Data provided:
+===+

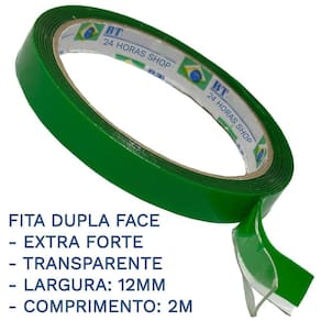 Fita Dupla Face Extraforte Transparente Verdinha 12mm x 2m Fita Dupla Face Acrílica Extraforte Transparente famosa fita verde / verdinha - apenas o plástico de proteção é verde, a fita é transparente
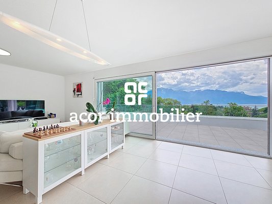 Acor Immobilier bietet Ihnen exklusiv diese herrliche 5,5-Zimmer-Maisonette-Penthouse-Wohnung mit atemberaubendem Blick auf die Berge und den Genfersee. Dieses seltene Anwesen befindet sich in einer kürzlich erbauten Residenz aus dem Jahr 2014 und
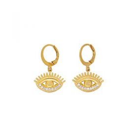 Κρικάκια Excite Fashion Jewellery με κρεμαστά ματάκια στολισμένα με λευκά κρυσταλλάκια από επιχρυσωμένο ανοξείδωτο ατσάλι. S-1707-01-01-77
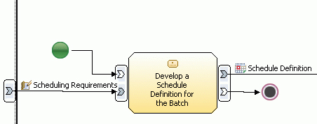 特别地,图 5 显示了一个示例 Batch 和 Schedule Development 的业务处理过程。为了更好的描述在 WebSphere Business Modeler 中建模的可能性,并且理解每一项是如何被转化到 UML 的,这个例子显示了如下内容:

+===+

The problem: If a line holds a picture, skip the picture and transcribe the rest of the material exactly.

Task solution:
 Fita Dupla Face Extraforte Transparente Verdinha 12mm x 2m Fita Dupla Face Acrílica Extraforte Transparente famosa fita verde / verdinha - apenas o plástico de proteção é verde, a fita é transparente
 Acor Immobilier bietet Ihnen exklusiv diese herrliche 5,5-Zimmer-Maisonette-Penthouse-Wohnung mit atemberaubendem Blick auf die Berge und den Genfersee. Dieses seltene Anwesen befindet sich in einer kürzlich erbauten Residenz aus dem Jahr 2014 und
 Κρικάκια Excite Fashion Jewellery με κρεμαστά ματάκια στολισμένα με λευκά κρυσταλλάκια από επιχρυσωμένο ανοξείδωτο ατσάλι. S-1707-01-01-77
 特别地,图 5 显示了一个示例 Batch 和 Schedule Development 的业务处理过程。为了更好的描述在 WebSphere Business Modeler 中建模的可能性,并且理解每一项是如何被转化到 UML 的,这个例子显示了如下内容:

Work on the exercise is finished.